- _ASSIGNMENT_
Beginning with the line that includes "O pozycji w" and ending with the last line, print the records exactly, leaving every picture out.

━━━ GIVEN ENTRIES

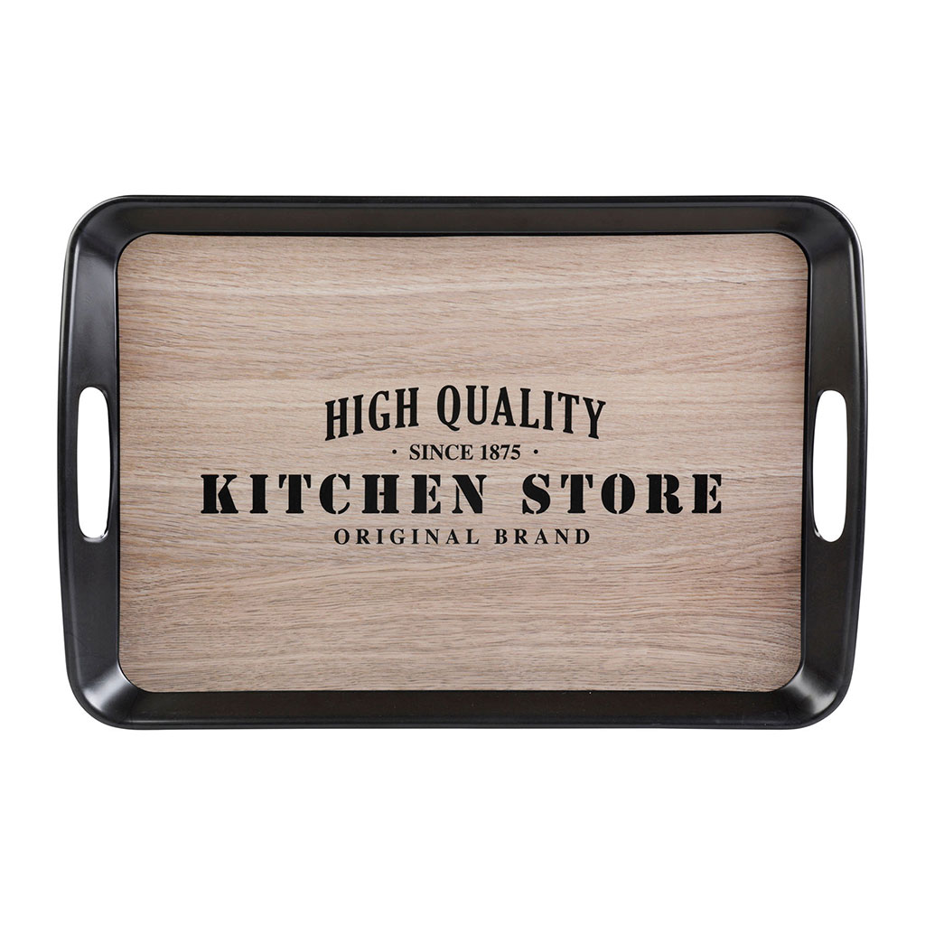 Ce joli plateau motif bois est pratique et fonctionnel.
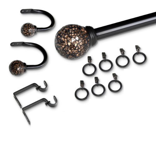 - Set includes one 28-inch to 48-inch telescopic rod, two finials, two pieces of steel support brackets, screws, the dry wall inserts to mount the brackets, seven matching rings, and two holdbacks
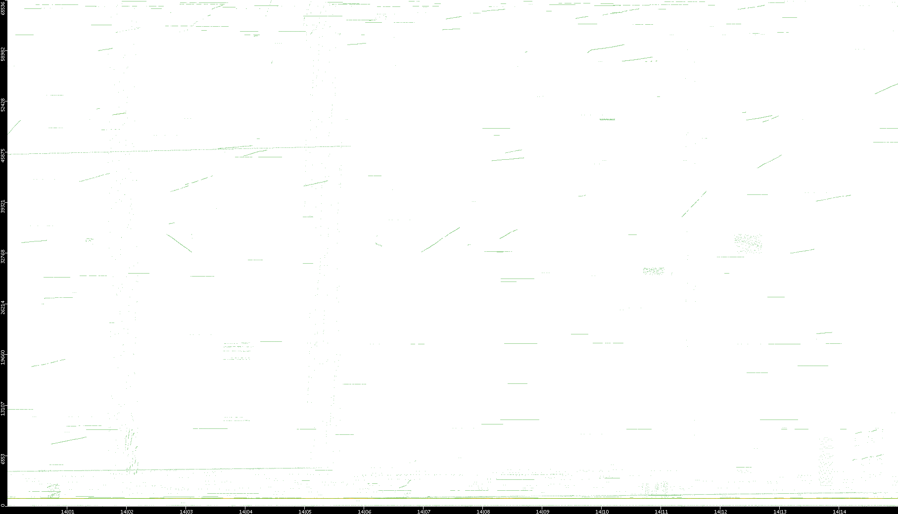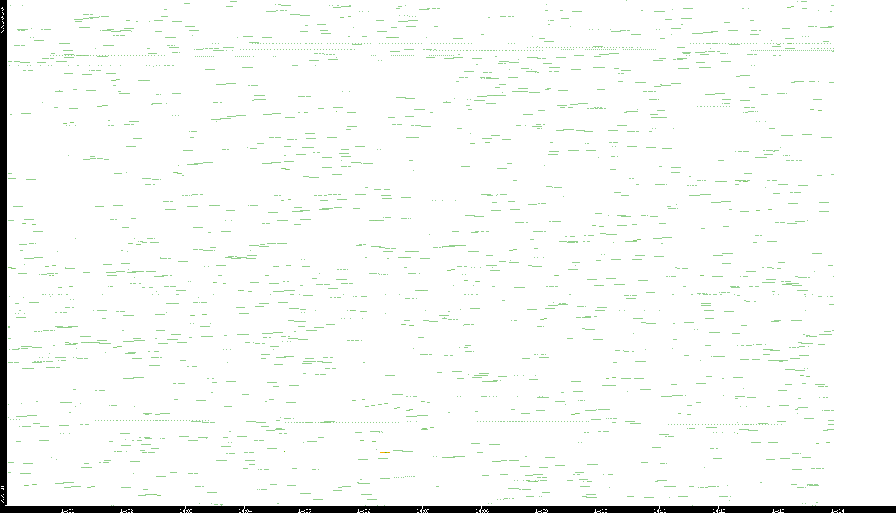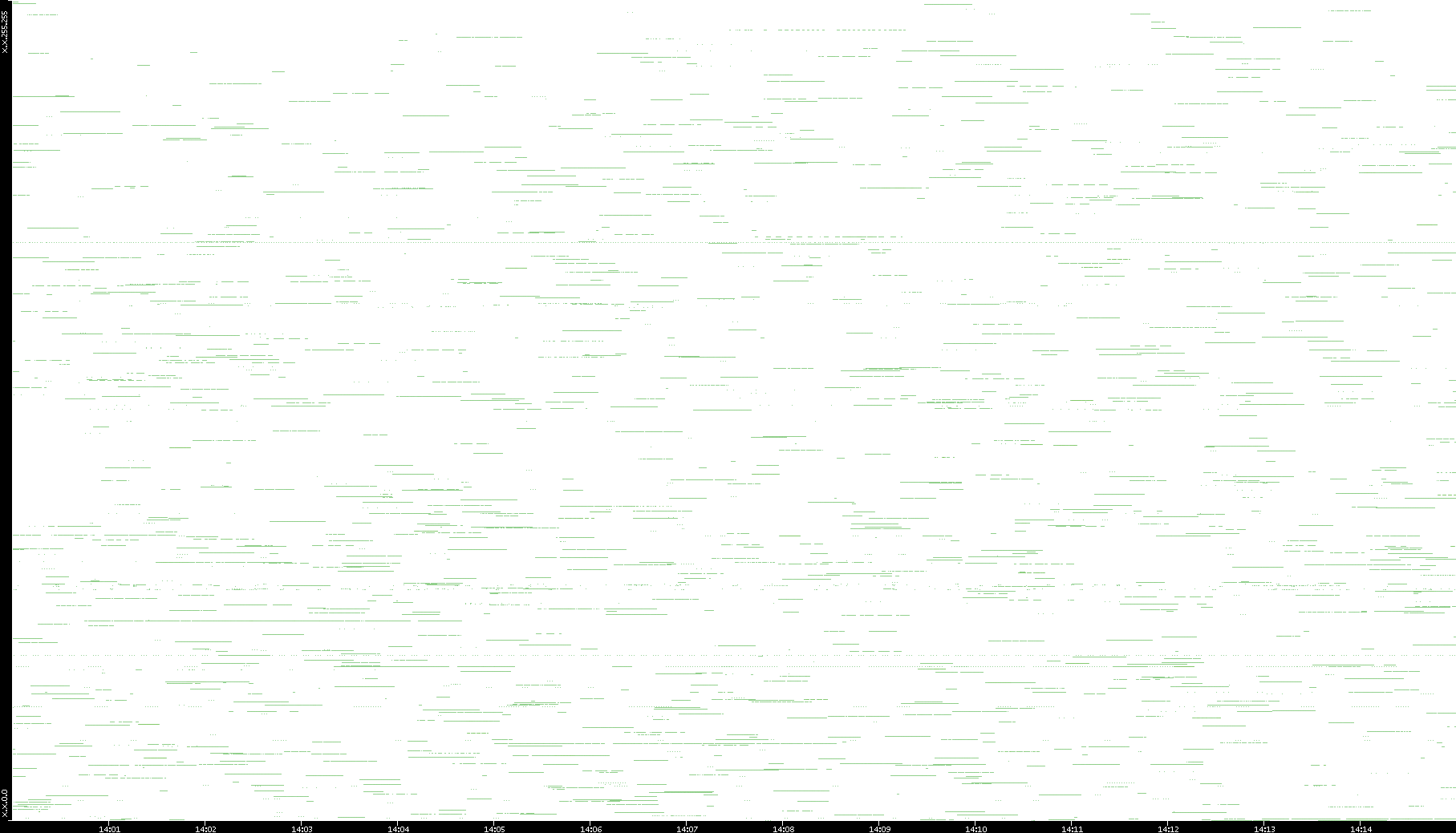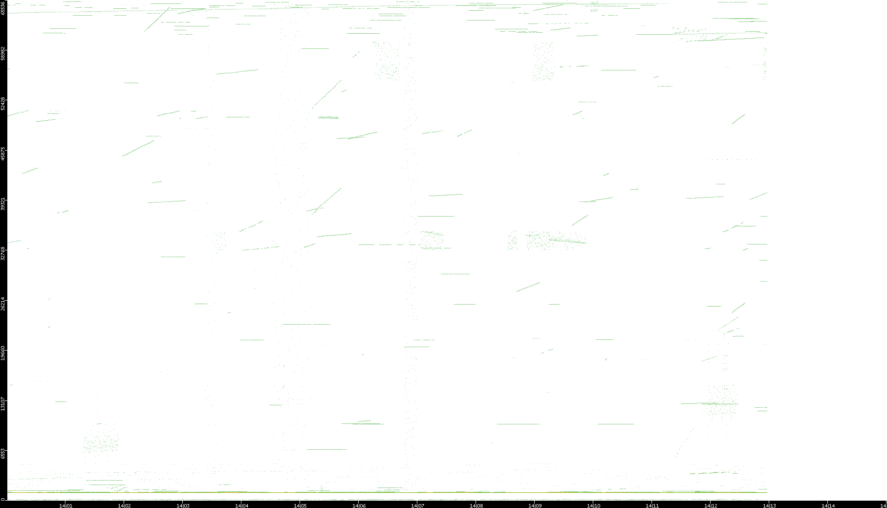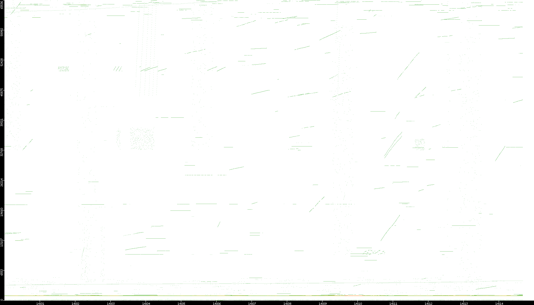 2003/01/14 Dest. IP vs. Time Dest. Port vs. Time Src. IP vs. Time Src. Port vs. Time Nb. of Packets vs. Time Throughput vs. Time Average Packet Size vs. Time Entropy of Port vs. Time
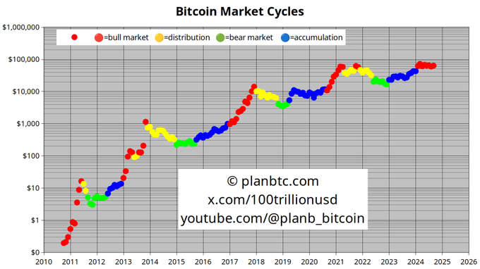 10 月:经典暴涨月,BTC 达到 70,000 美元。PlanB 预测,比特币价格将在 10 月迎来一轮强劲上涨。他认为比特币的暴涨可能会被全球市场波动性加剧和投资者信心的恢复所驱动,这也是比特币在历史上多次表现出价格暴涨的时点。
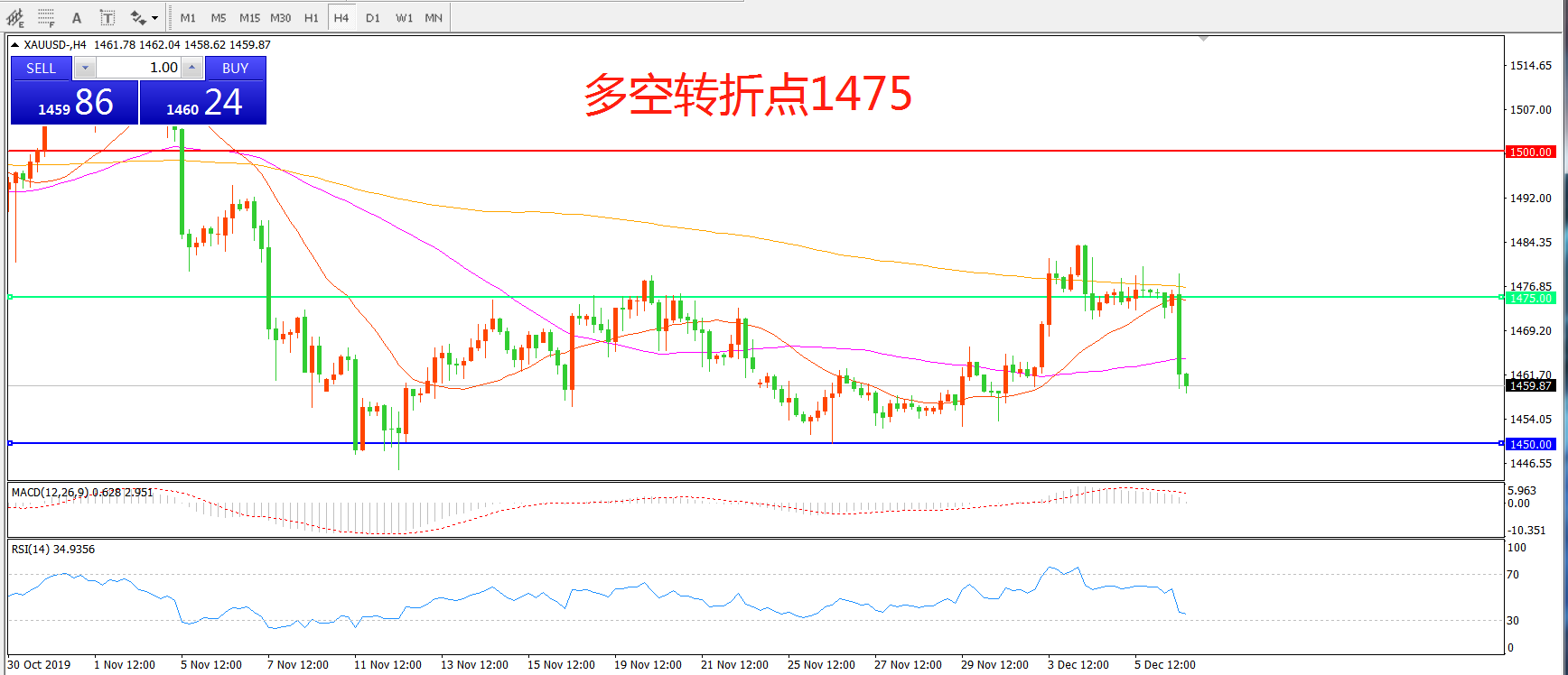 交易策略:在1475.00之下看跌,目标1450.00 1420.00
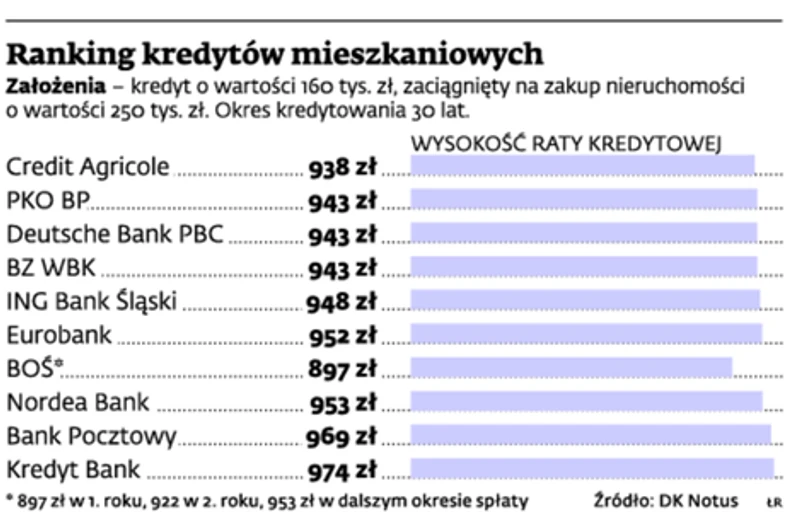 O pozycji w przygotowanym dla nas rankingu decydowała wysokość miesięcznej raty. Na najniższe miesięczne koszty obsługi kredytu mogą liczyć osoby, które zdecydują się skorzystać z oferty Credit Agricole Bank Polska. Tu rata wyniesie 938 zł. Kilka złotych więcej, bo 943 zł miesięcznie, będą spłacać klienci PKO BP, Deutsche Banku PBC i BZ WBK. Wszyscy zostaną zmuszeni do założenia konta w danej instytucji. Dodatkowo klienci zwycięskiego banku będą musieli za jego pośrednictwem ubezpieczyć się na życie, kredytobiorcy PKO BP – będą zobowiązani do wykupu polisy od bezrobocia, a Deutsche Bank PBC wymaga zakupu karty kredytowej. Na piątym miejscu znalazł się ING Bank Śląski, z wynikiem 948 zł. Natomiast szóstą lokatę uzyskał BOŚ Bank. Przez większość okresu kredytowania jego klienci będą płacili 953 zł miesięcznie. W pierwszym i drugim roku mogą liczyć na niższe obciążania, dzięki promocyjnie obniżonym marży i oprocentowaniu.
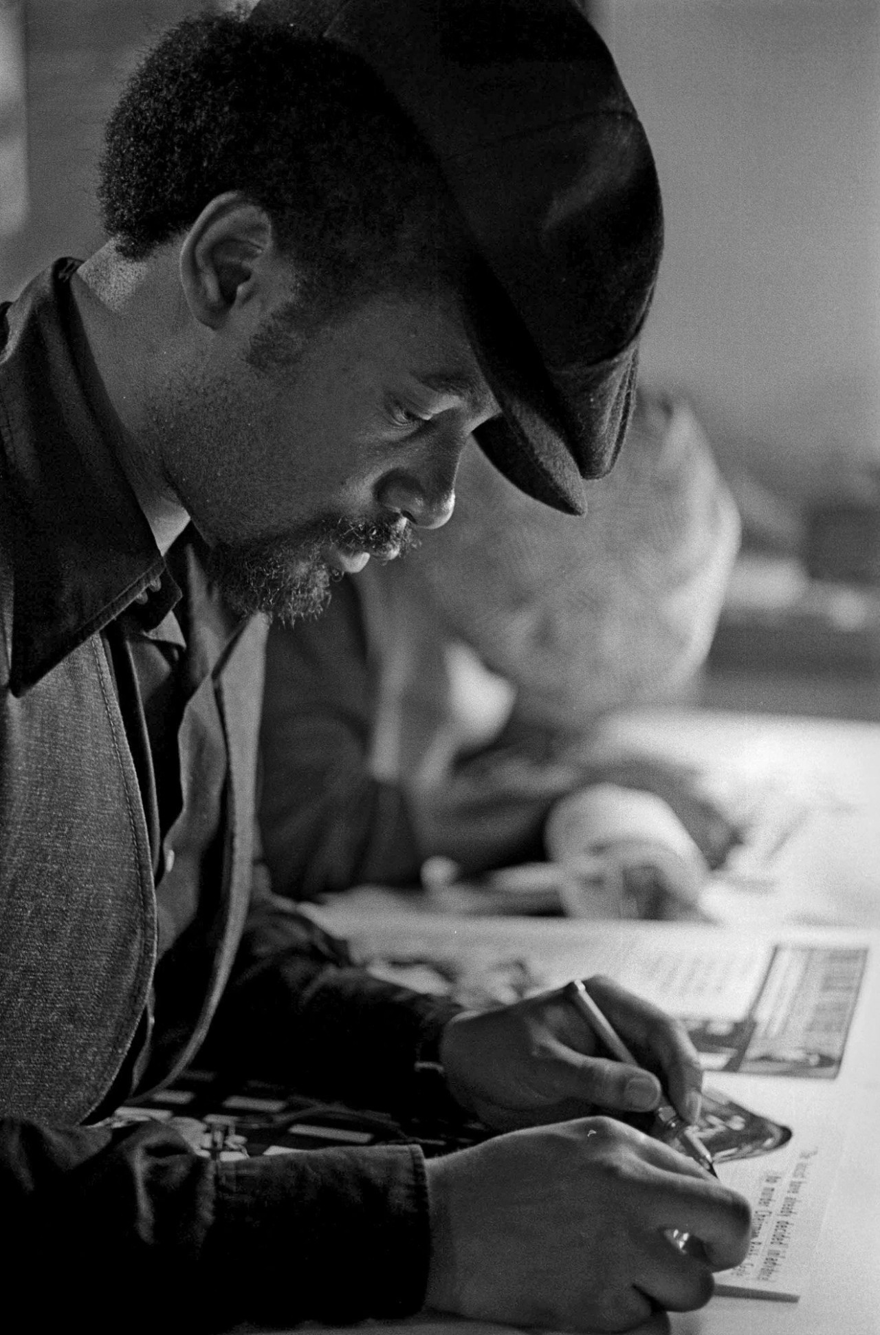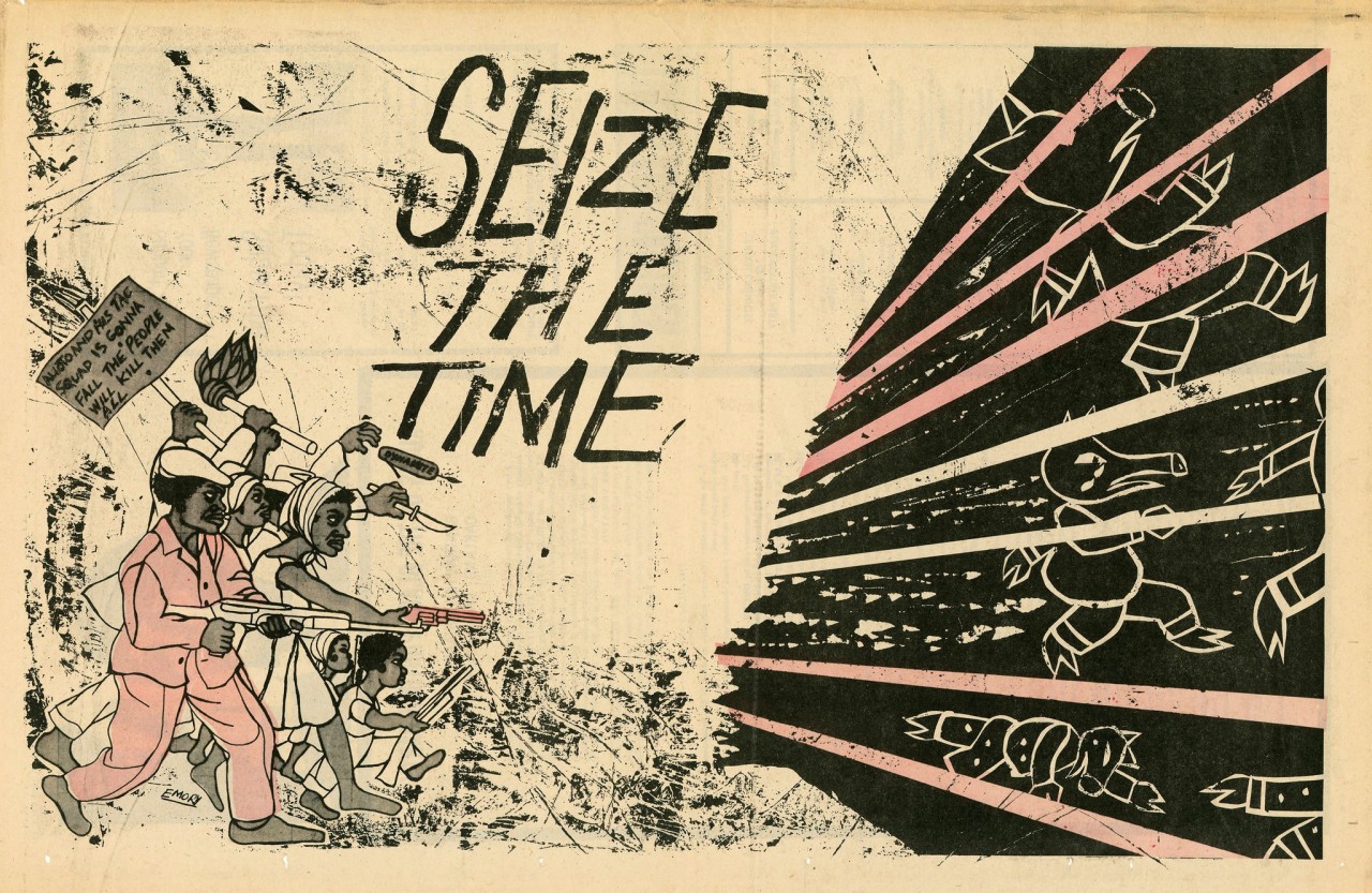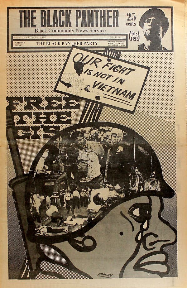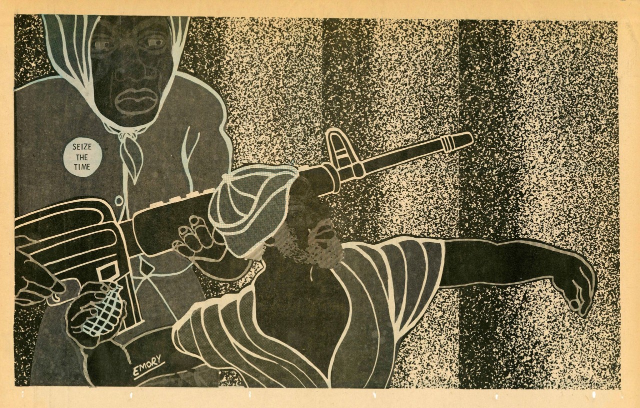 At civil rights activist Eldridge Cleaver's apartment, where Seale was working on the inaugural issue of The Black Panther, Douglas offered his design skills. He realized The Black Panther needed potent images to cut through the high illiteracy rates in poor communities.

━━━━━━

- _FINISHED EXERCISE_
 O pozycji w przygotowanym dla nas rankingu decydowała wysokość miesięcznej raty. Na najniższe miesięczne koszty obsługi kredytu mogą liczyć osoby, które zdecydują się skorzystać z oferty Credit Agricole Bank Polska. Tu rata wyniesie 938 zł. Kilka złotych więcej, bo 943 zł miesięcznie, będą spłacać klienci PKO BP, Deutsche Banku PBC i BZ WBK. Wszyscy zostaną zmuszeni do założenia konta w danej instytucji. Dodatkowo klienci zwycięskiego banku będą musieli za jego pośrednictwem ubezpieczyć się na życie, kredytobiorcy PKO BP – będą zobowiązani do wykupu polisy od bezrobocia, a Deutsche Bank PBC wymaga zakupu karty kredytowej. Na piątym miejscu znalazł się ING Bank Śląski, z wynikiem 948 zł. Natomiast szóstą lokatę uzyskał BOŚ Bank. Przez większość okresu kredytowania jego klienci będą płacili 953 zł miesięcznie. W pierwszym i drugim roku mogą liczyć na niższe obciążania, dzięki promocyjnie obniżonym marży i oprocentowaniu.
 At civil rights activist Eldridge Cleaver's apartment, where Seale was working on the inaugural issue of The Black Panther, Douglas offered his design skills. He realized The Black Panther needed potent images to cut through the high illiteracy rates in poor communities.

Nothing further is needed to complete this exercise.